• _Task objective_:
In your copy of the listing below, reproduce each word exactly and include no pictures.
### Data block ###
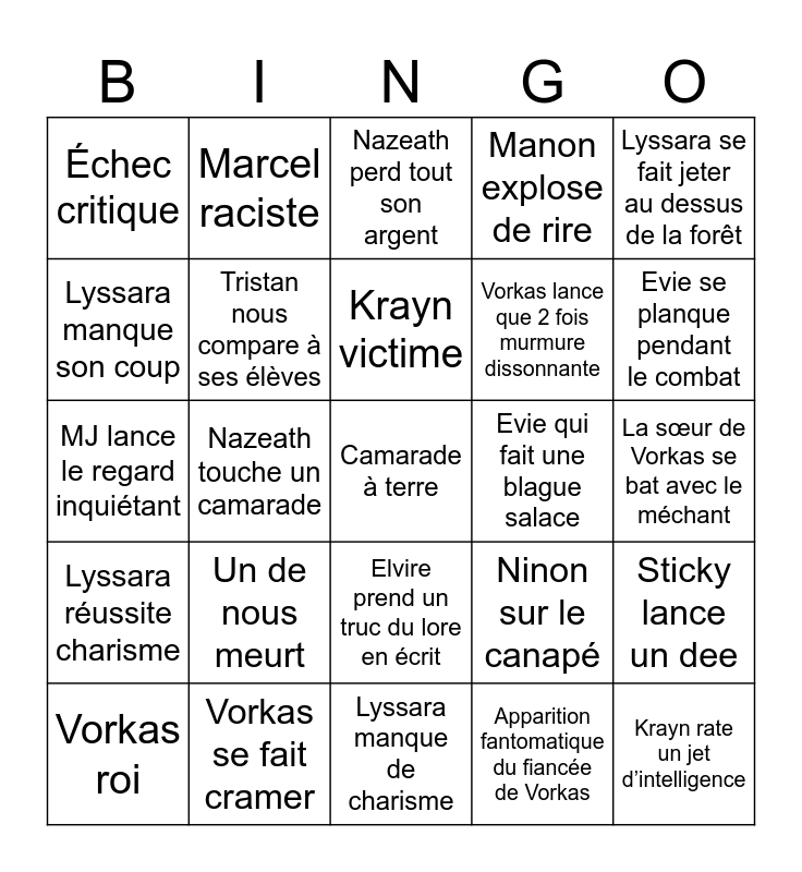 This bingo card has a free space and 24 words: Un de nous meurt, Vorkas se fait cramer, Krayn victime, Vorkas roi, Lyssara se fait jeter au dessus de la forêt, Échec critique, Lyssara manque son coup, Marcel raciste, Evie qui fait une blague salace, Elvire prend un truc du lore en écrit, Vorkas lance que 2 fois murmure dissonnante, MJ lance le regard inquiétant, Ninon sur le canapé, Sticky lance un dee, Tristan nous compare à ses élèves, Apparition fantomatique du fiancée de Vorkas, La sœur de Vorkas se bat avec le méchant, Nazeath perd tout son argent, Evie se planque pendant le combat, Nazeath touche un camarade, Krayn rate un jet d’intelligence, Lyssara réussite charisme, Manon explose de rire and Lyssara manque de charisme.
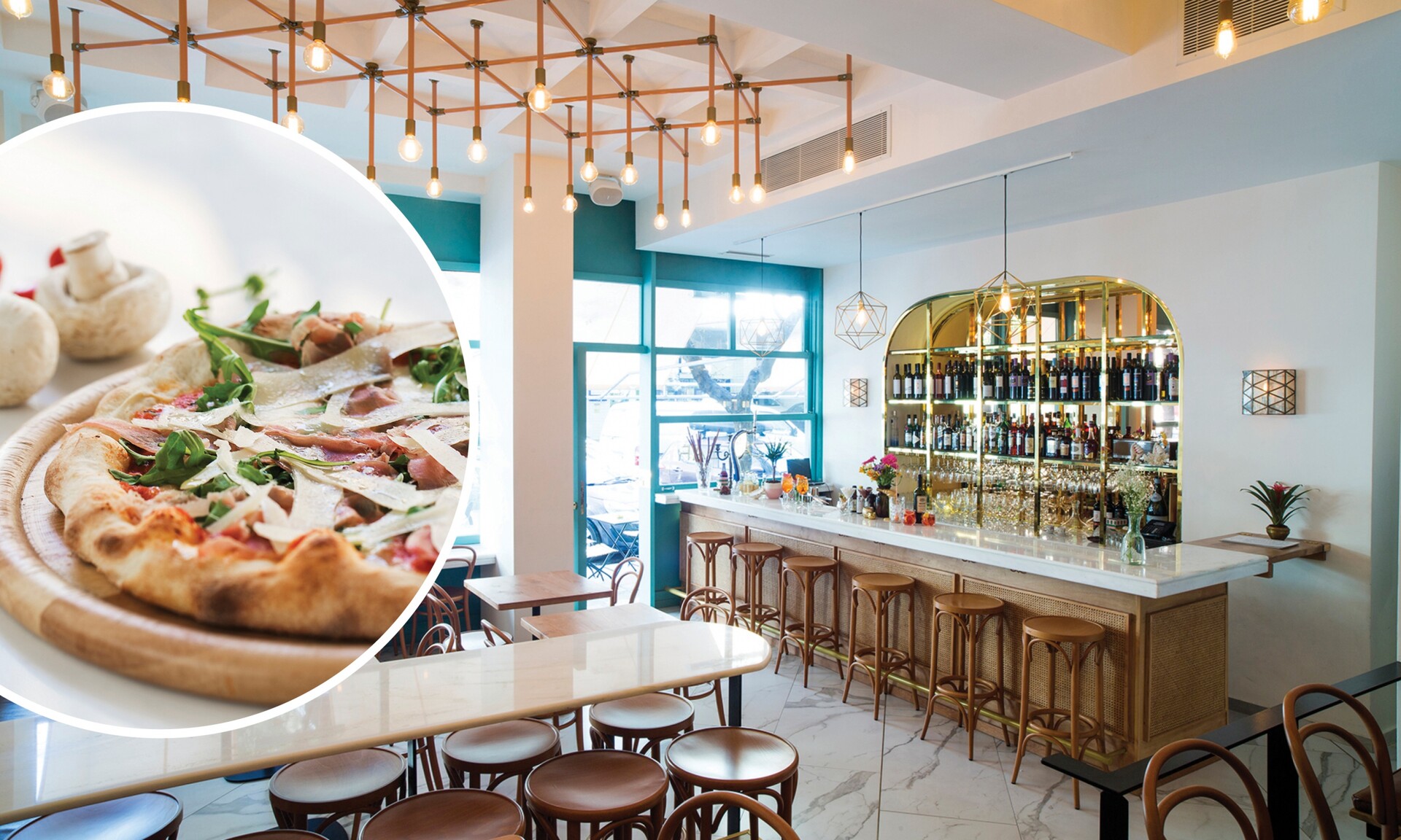 Πίτσα και κοκτέιλ σε ένα φρέσκο, φωτεινό και ευαίσθητο περιβάλλον
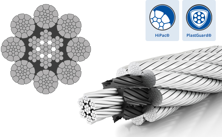 Câble d’acier à 8 torons à haute performance pour ponts roulants et levage à flèche avec âme enrobée de plastique. Ce plastique dur, spécialement conçu évite le contact de métal contre métal entre les torons intérieurs et extérieurs et réduit fortement l’usure interne indiscernable ainsi que l’abrasion, ce qui a pour conséquence d’accroître la résistance à la fatigue et de permettre une lubrification constante de l’âme.
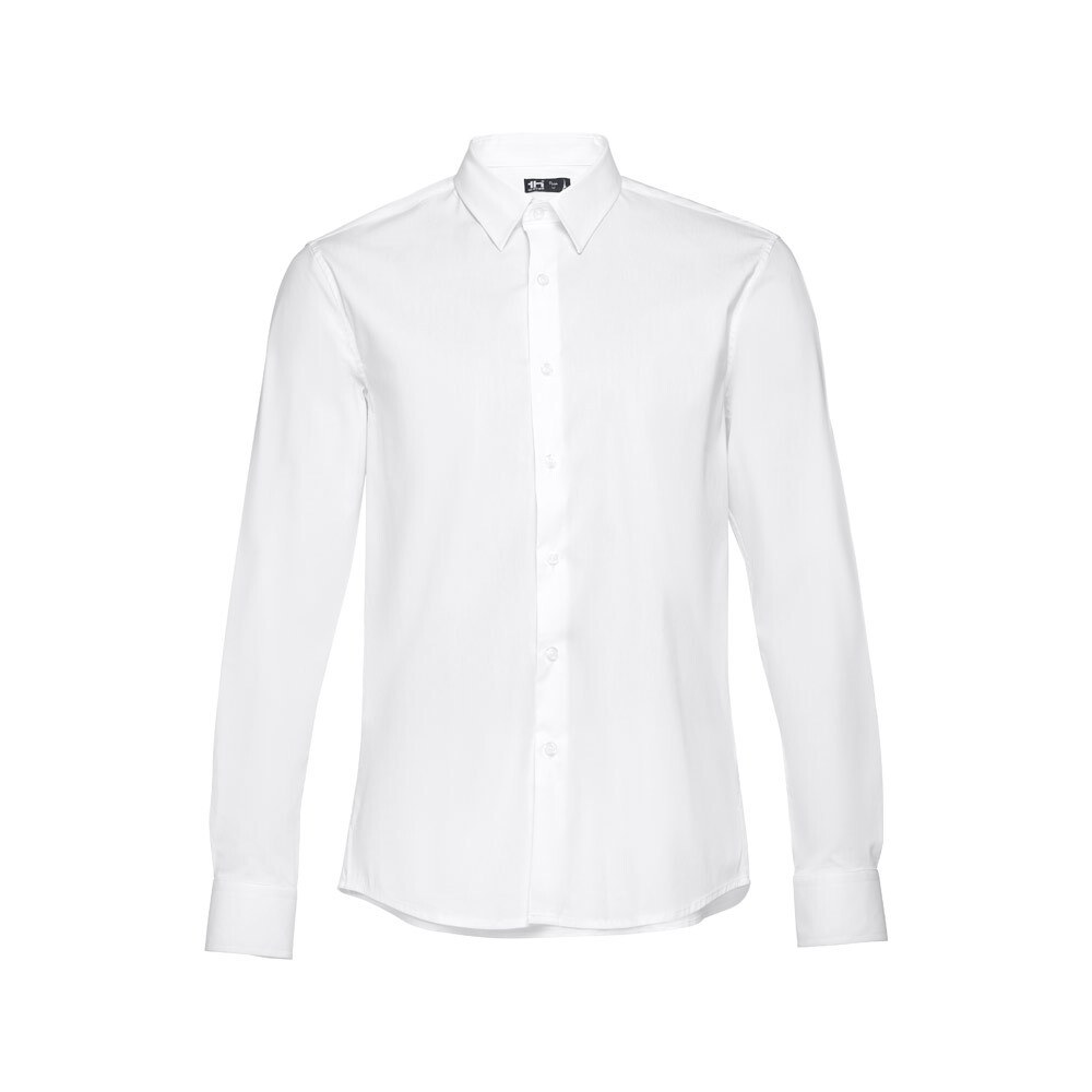 This men's long-sleeved shirt is crafted from a lightweight 115 g/m² blend of cotton, polyamide, and elastane, offering both comfort and a touch of stretch. The design features a classic point collar and a clean front placket with seven matching buttons for a cohesive look. The long sleeves are detailed with a single pleat and adjustable cuffs with a two-button fastening, allowing for a customized fit around the wrist. Its tailored construction makes it a versatile piece for any wardrobe.
###
• _Answer below_:
 This bingo card has a free space and 24 words: Un de nous meurt, Vorkas se fait cramer, Krayn victime, Vorkas roi, Lyssara se fait jeter au dessus de la forêt, Échec critique, Lyssara manque son coup, Marcel raciste, Evie qui fait une blague salace, Elvire prend un truc du lore en écrit, Vorkas lance que 2 fois murmure dissonnante, MJ lance le regard inquiétant, Ninon sur le canapé, Sticky lance un dee, Tristan nous compare à ses élèves, Apparition fantomatique du fiancée de Vorkas, La sœur de Vorkas se bat avec le méchant, Nazeath perd tout son argent, Evie se planque pendant le combat, Nazeath touche un camarade, Krayn rate un jet d’intelligence, Lyssara réussite charisme, Manon explose de rire and Lyssara manque de charisme.
 Πίτσα και κοκτέιλ σε ένα φρέσκο, φωτεινό και ευαίσθητο περιβάλλον
 Câble d’acier à 8 torons à haute performance pour ponts roulants et levage à flèche avec âme enrobée de plastique. Ce plastique dur, spécialement conçu évite le contact de métal contre métal entre les torons intérieurs et extérieurs et réduit fortement l’usure interne indiscernable ainsi que l’abrasion, ce qui a pour conséquence d’accroître la résistance à la fatigue et de permettre une lubrification constante de l’âme.
 This men's long-sleeved shirt is crafted from a lightweight 115 g/m² blend of cotton, polyamide, and elastane, offering both comfort and a touch of stretch. The design features a classic point collar and a clean front placket with seven matching buttons for a cohesive look. The long sleeves are detailed with a single pleat and adjustable cuffs with a two-button fastening, allowing for a customized fit around the wrist. Its tailored construction makes it a versatile piece for any wardrobe.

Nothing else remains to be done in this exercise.